• _Data segment_
>>>

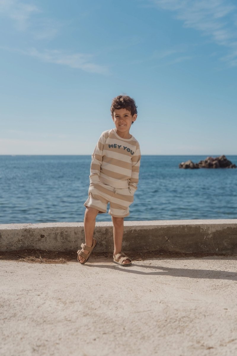 Zacht, stoer en altijd klaar om te knuffelen: deze sweater in biscuitkleur met brede strepen is perfect voor frisse dagen. De lichte sweatkwaliteit voelt heerlijk zacht aan en houdt je kleintje comfortabel warm. Op de borst staan geborduurde letters met de tekst Hey You, een vrolijke knipoog voor elke dag. De contrasterende boorden geven een speels accent. Gemaakt van 100% biologisch katoen en Oeko-Tex gecertificeerd, is deze trui zacht voor de huid en ideaal om in te bewegen en te spelen.
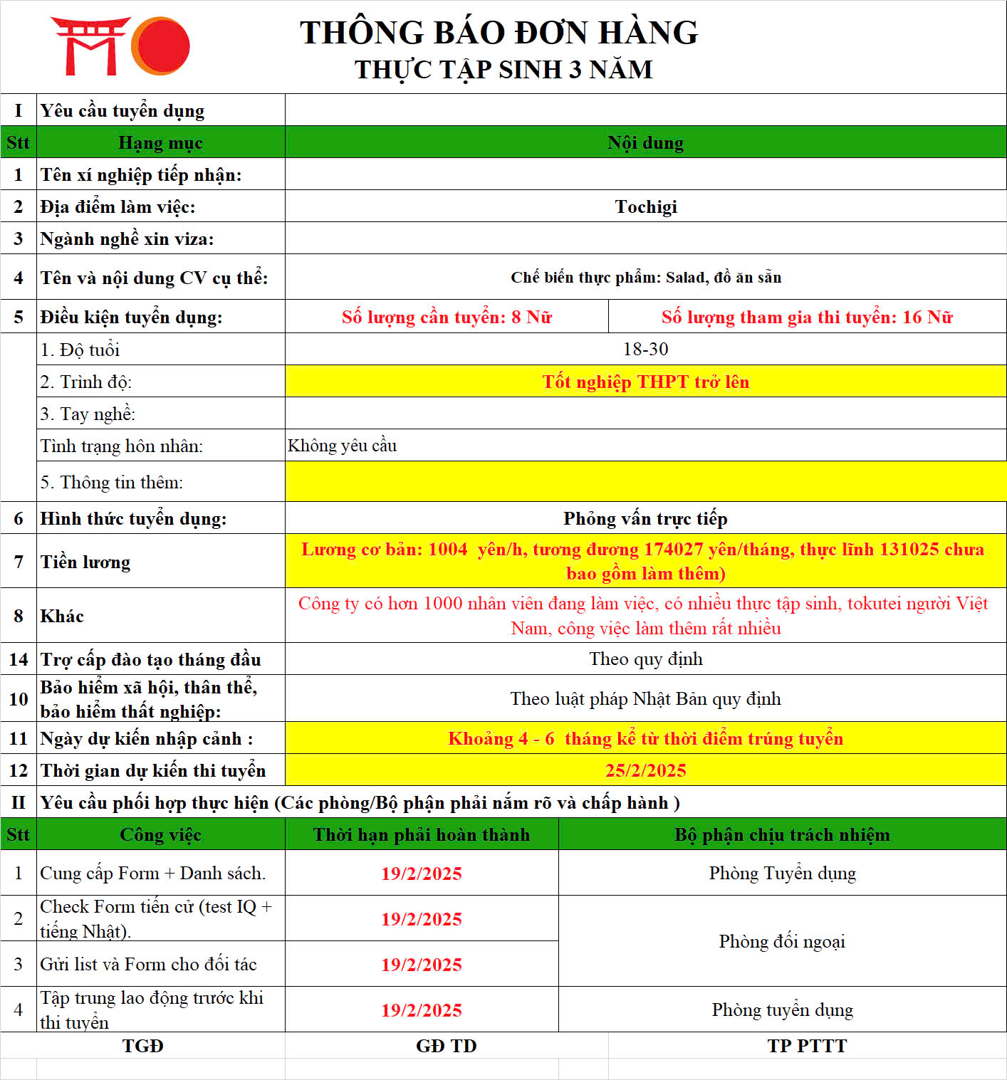 📌 Phúc lợi: “ Công Ty có nhiều việc làm thêm. Thưởng theo năng lực cố gắng làm việc; Tăng lương theo năm và theo cố gắng nâng lực. Tiền Nhà 20.000 yên (Nếu cố gắng làm việc công ty sẽ hỗ trợ tiền nhà). ...
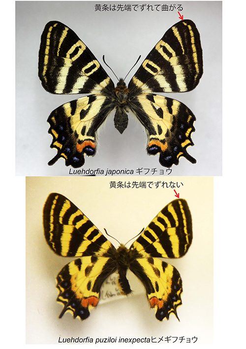図20AIbi-1-7でアゲハチョウ属と姉妹群の関係にあるカバシタアゲハは、図18AIbi-1-5でも出てきたが、タテハチョウ科のアサギマダラとそっくりである。これは毒をもつアサギマダラに似ることによって、捕食者に食べられないようにしているベイツ型擬態の一例と考えられる。

<<<

• _What is required_
The material above is to be repeated word for word, with no images kept.

• _Answer to the problem_
 Zacht, stoer en altijd klaar om te knuffelen: deze sweater in biscuitkleur met brede strepen is perfect voor frisse dagen. De lichte sweatkwaliteit voelt heerlijk zacht aan en houdt je kleintje comfortabel warm. Op de borst staan geborduurde letters met de tekst Hey You, een vrolijke knipoog voor elke dag. De contrasterende boorden geven een speels accent. Gemaakt van 100% biologisch katoen en Oeko-Tex gecertificeerd, is deze trui zacht voor de huid en ideaal om in te bewegen en te spelen.
 📌 Phúc lợi: “ Công Ty có nhiều việc làm thêm. Thưởng theo năng lực cố gắng làm việc; Tăng lương theo năm và theo cố gắng nâng lực. Tiền Nhà 20.000 yên (Nếu cố gắng làm việc công ty sẽ hỗ trợ tiền nhà). ...
図20AIbi-1-7でアゲハチョウ属と姉妹群の関係にあるカバシタアゲハは、図18AIbi-1-5でも出てきたが、タテハチョウ科のアサギマダラとそっくりである。これは毒をもつアサギマダラに似ることによって、捕食者に食べられないようにしているベイツ型擬態の一例と考えられる。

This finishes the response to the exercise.